Data block:
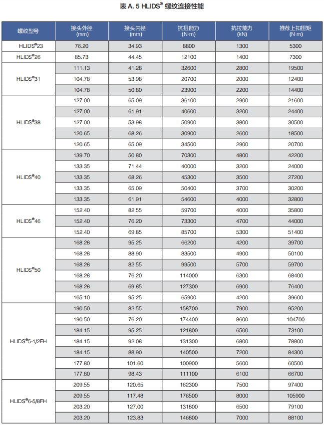 (a)HLIDS® 系列包括 HLIDS®23、HLIDS®26、HLIDS®31、HLIDS®38、HLIDS®40、HLIDS®46、HLIDS®50、HLIDS®5 1/2FH 和 HLIDS®6 5/8FH 等規(guī)格,適用于 2 3/8"-6 5/8" 所有API 標(biāo)準(zhǔn)鋼級(jí)和規(guī)格的鉆桿。
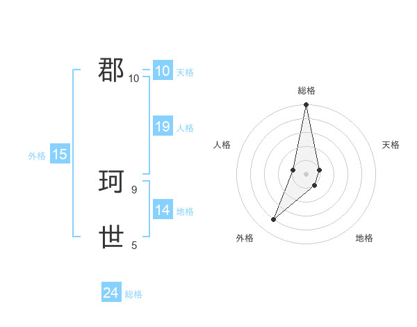 郡 珂世さんの総格は24画の5点!
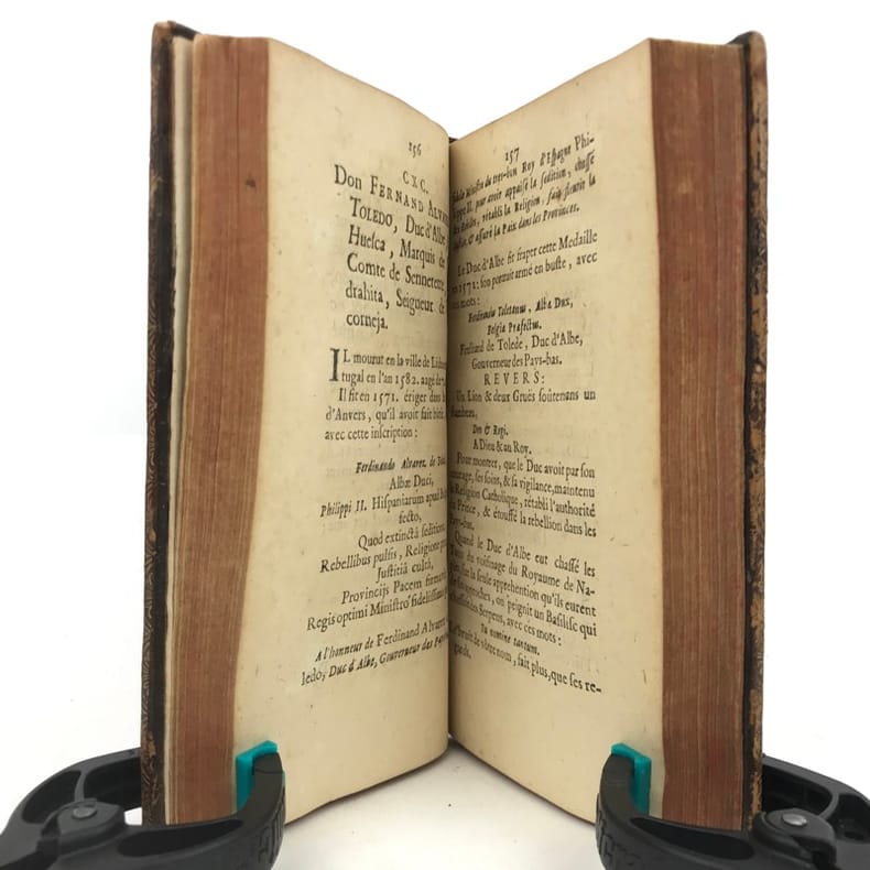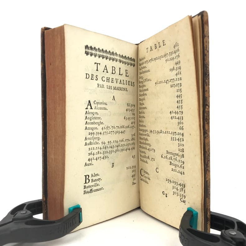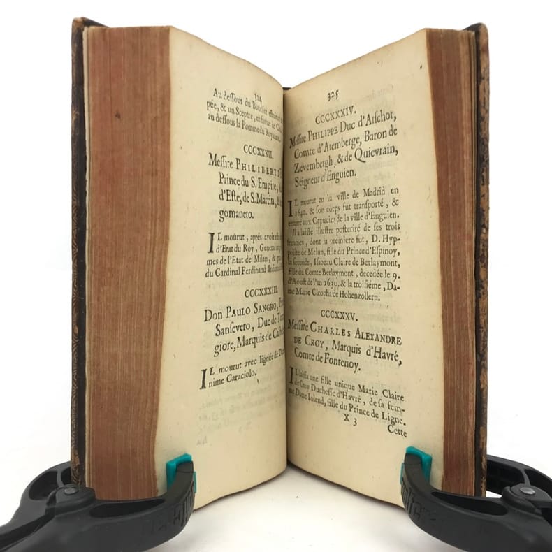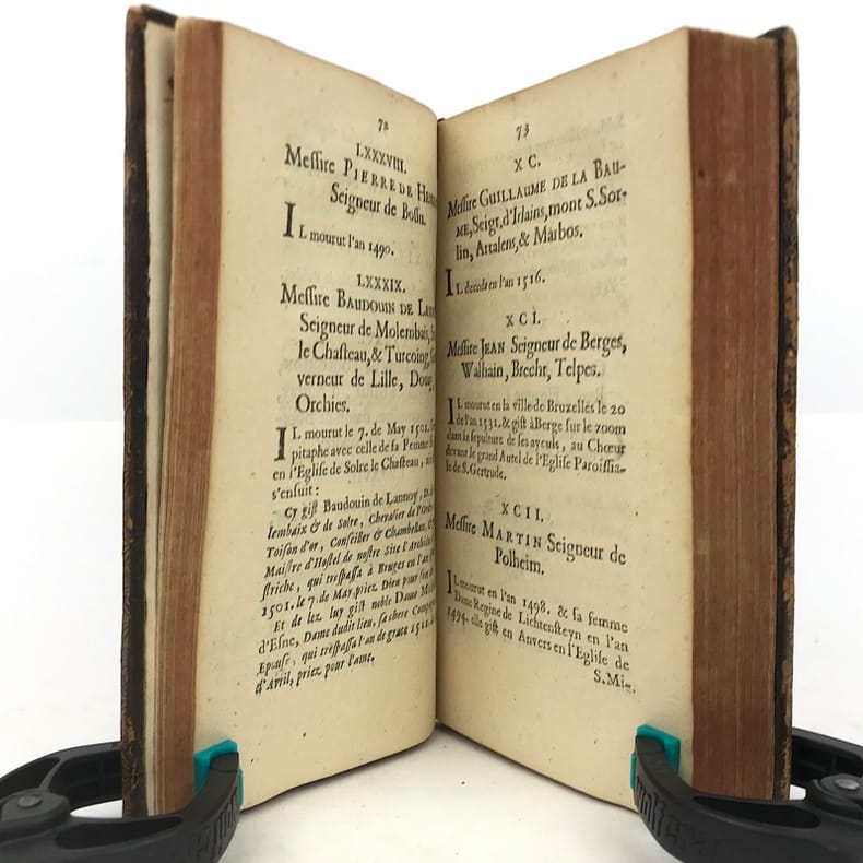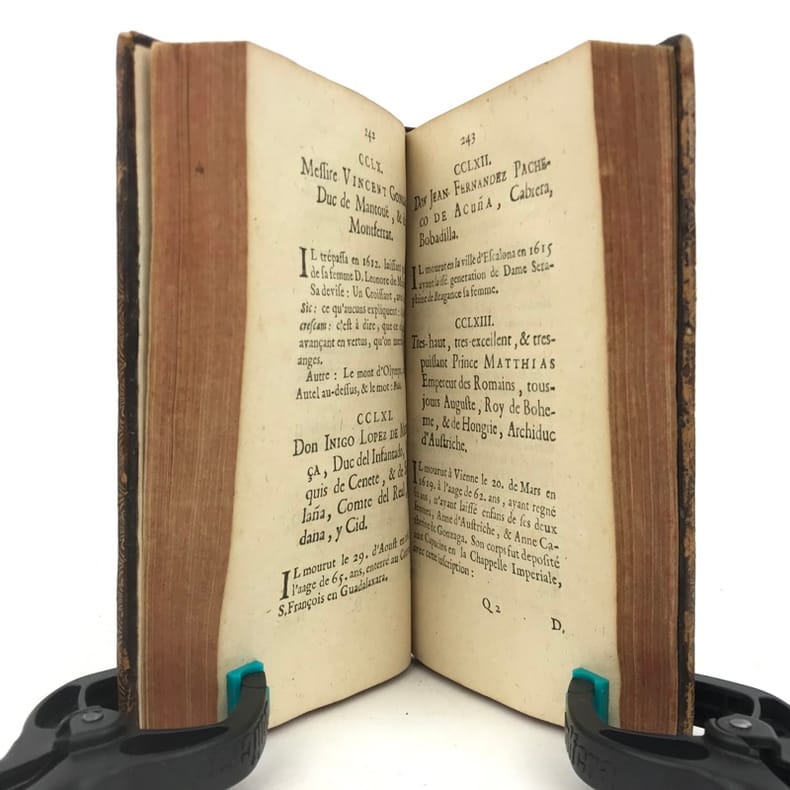 Amsterdam - Bruxellles Henri Desbordes - Gille Serstevens 1689 in 12 (16,5x10) 1 volume relié plein veau fauve, dos à nerfs orné de caissons dorés avec fleuron central, faux-titre, titre, 463 pages et 4 faux- feuillets de table non chiffrée. Contenant leur éloges, inscriptions, épitaphes, alliances, symboles, emblémes, médailles, devises, épithétes, et cris de guerre. La pièce de titre manque au dos, sinon bon exemplaire

Problem statement:
Leave out any pictures and return exactly the lines from the beginning of the data through the line with "郡 珂世さんの総格は24画の5点!", inclusive.

Task answer:
 (a)HLIDS® 系列包括 HLIDS®23、HLIDS®26、HLIDS®31、HLIDS®38、HLIDS®40、HLIDS®46、HLIDS®50、HLIDS®5 1/2FH 和 HLIDS®6 5/8FH 等規(guī)格,適用于 2 3/8"-6 5/8" 所有API 標(biāo)準(zhǔn)鋼級(jí)和規(guī)格的鉆桿。
 郡 珂世さんの総格は24画の5点!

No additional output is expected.